June 27, 2008

How to build a rocket stove , following Larry Winiarski's Rocket Stove Principles. These highly efficient, easy to build cookstoves can cook a meal using a handful of twigs, so the inventor says.

They've been around for about five years, showing great promise for use in deforested developing nations. Also very interesting to the strawbale-house / biodeisel / solar energy type (such as myself). Rocket stoves, however, probably won't create much lift (unless used in conjunction with a paper-bag hot air balloon). via

  • Um, am I missing something with this 'rocket stove principles' stuff?
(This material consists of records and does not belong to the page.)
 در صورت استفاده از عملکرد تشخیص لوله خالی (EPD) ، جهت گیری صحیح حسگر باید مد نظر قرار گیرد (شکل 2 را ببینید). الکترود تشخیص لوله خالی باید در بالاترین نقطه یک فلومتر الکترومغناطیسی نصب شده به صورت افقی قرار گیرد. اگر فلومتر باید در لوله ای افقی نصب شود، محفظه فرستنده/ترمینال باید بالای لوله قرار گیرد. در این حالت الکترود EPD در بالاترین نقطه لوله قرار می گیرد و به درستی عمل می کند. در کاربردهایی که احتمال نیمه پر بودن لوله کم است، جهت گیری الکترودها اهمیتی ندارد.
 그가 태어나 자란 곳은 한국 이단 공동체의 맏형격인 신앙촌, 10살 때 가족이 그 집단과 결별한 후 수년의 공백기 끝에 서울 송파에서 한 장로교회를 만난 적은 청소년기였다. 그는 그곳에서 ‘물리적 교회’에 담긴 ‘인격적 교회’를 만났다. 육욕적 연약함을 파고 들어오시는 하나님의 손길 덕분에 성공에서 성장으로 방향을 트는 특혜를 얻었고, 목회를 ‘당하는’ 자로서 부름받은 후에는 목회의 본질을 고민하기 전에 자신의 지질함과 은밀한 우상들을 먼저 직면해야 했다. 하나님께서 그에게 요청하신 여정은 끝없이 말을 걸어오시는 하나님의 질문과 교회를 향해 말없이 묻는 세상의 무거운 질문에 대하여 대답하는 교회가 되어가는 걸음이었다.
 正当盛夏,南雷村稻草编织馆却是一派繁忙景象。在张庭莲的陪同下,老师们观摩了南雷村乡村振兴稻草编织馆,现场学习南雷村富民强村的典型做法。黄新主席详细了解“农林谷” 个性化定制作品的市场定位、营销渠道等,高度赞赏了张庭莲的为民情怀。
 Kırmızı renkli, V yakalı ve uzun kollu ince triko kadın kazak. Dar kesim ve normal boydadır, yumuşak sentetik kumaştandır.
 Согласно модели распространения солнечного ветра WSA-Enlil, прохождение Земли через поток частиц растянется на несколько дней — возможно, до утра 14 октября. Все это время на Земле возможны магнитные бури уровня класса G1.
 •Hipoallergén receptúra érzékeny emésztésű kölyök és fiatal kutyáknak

This isn't anything new to those of us who have built a few campfires in their lives, and not the friendly, crackly kind, but the full-throttle-afterburners kind whose blue-core flame attracts the attention of the warden... Also, can I use a rocket stove within my rocket house, or is that crossing the streams of rocketry?
  • I think Winarski's work does add something of value. Having built some hot little fires myself I'm going to guess that you used more than a handful of twigs to get there. The idea is to take your blue-core fire and make it hyper efficient, using a carefully designed chamber, and insulating with low mass, heat resistant materials. Perhaps most exciting is the how simple it is to make these materials from local clay and sawdust.
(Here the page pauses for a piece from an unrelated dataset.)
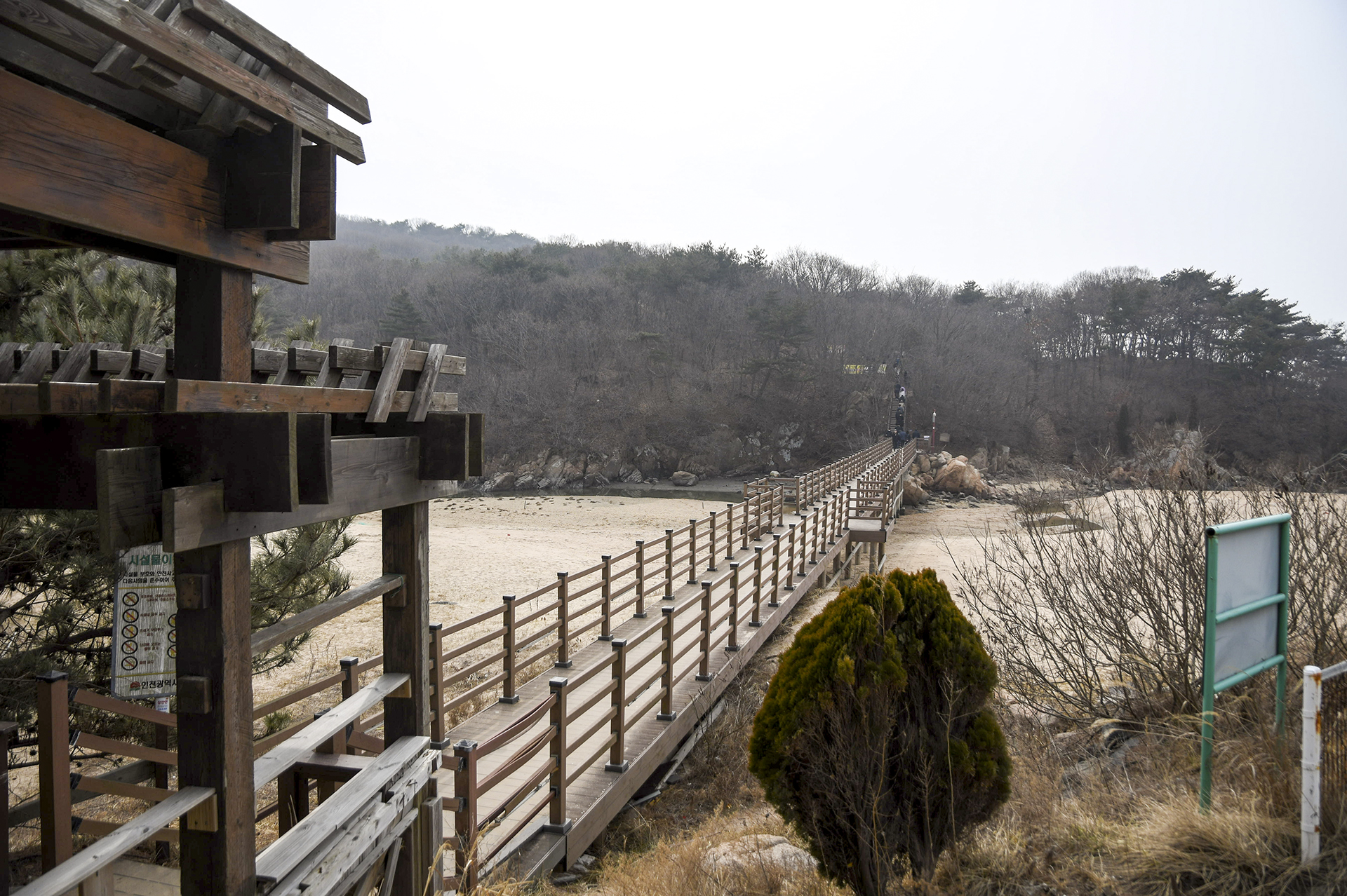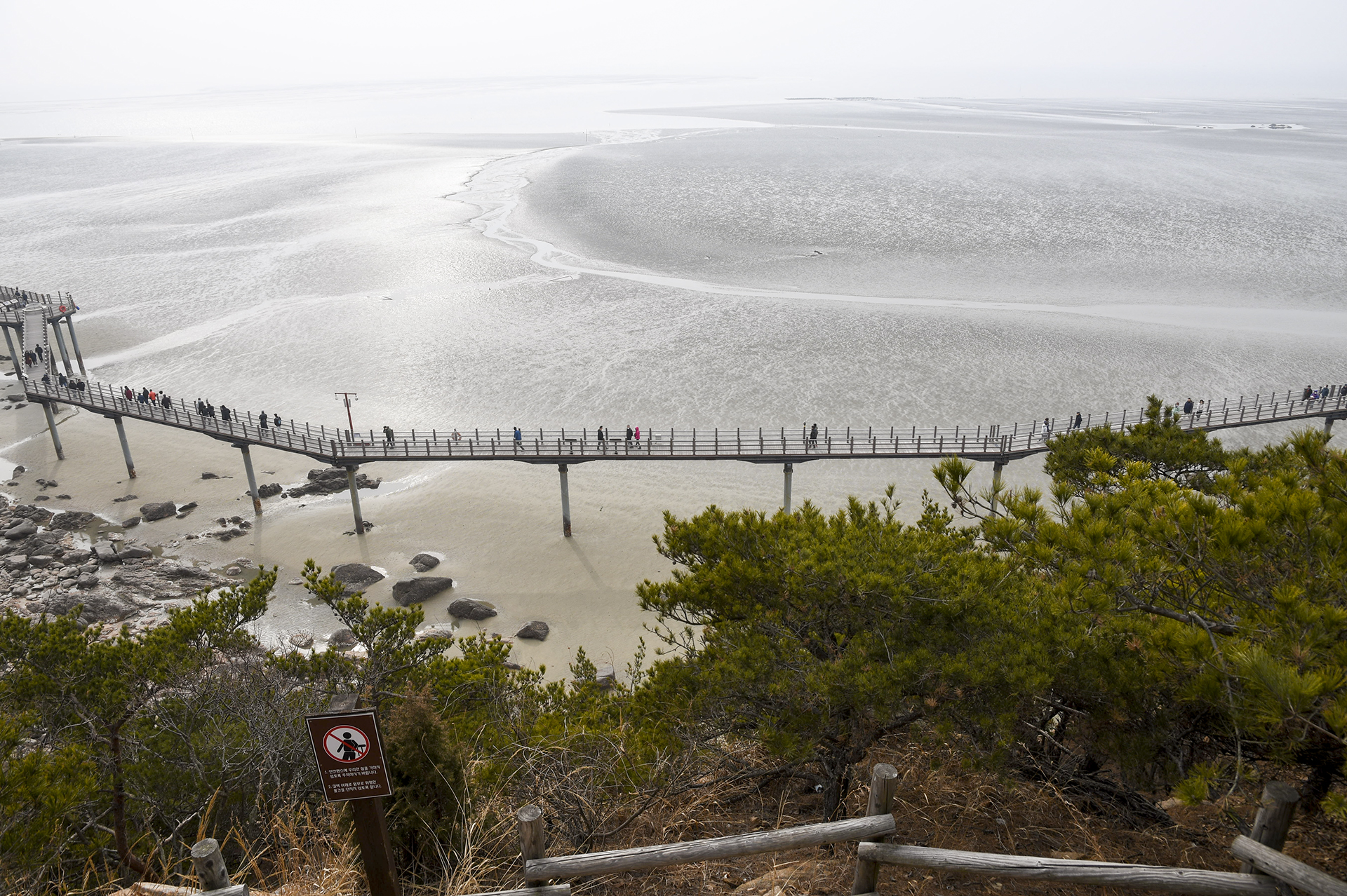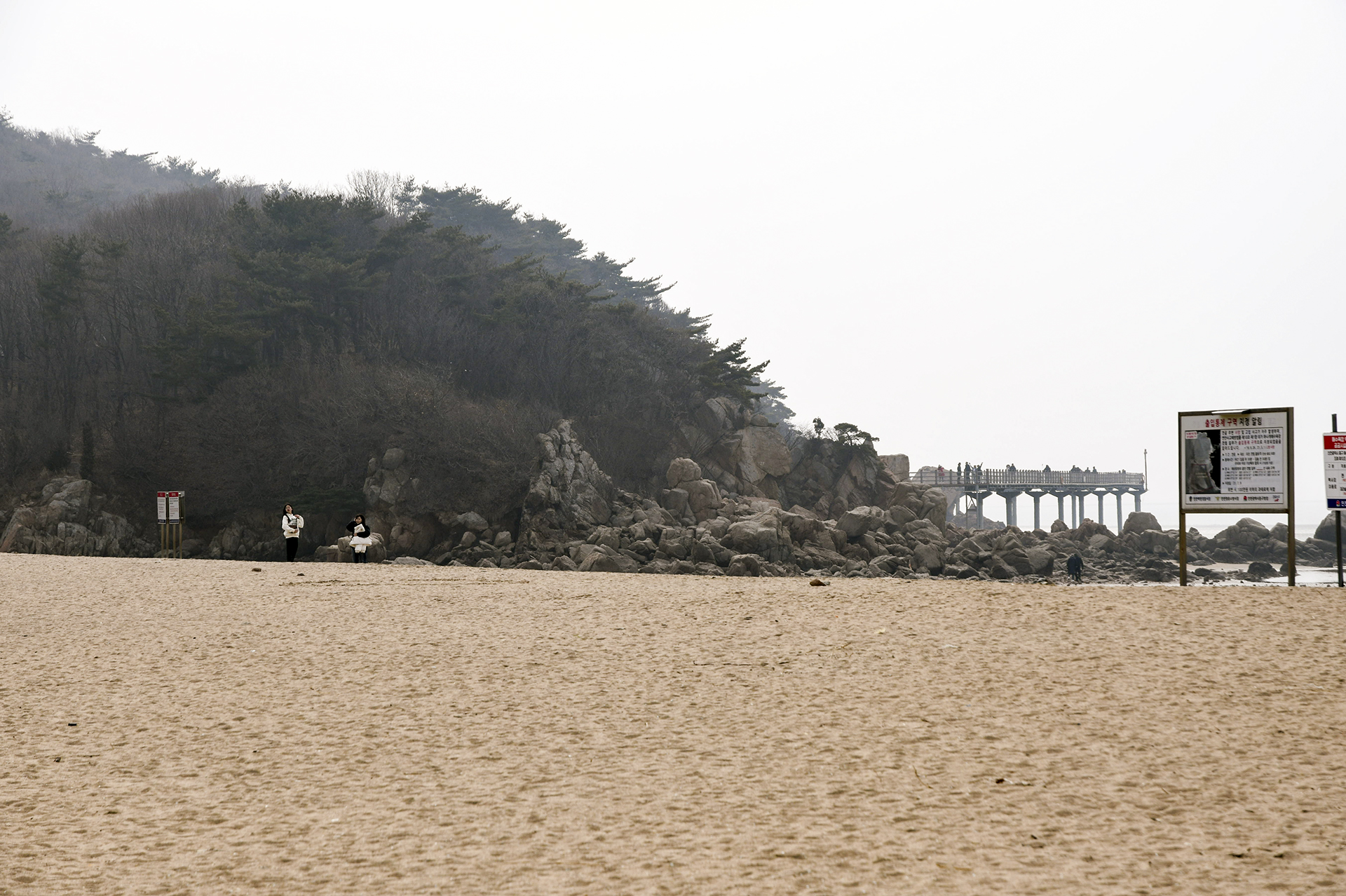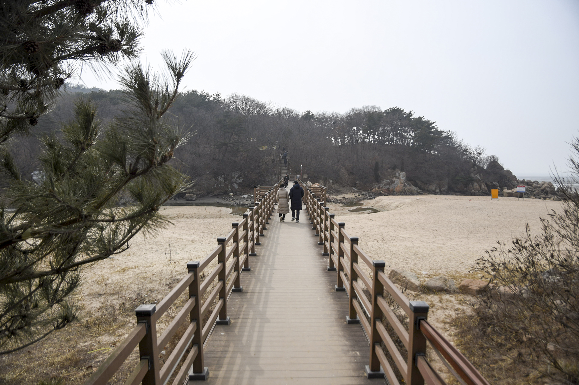 물 빠진 해수욕장에는 드넓은 모래뻘이 펼쳐져 있지만 계절이 계절인지라 방문하는 사람들 대부분이 갯벌보다는 탐방로를 걷고 있었다.

  • I like that video. Low-tech innovation is cool.
  • They've been around for like 2,000 years. It's an anagama kiln. We make these in ceramics every year.
  • I wouldn't discount it so quickly - Mr. K. The anagama kiln is not very efficient, and consumes fuel quite rapidly. The so-called "rocket stove" is quite efficient, and has reduced smoke emissions (compared to other methods). Interesting post. Thanks!
  • It must be difficult having "invented" a new stove. Everyone around you is probably going to be all "pft. fire. so? we've had that since -- what, a million years ago?"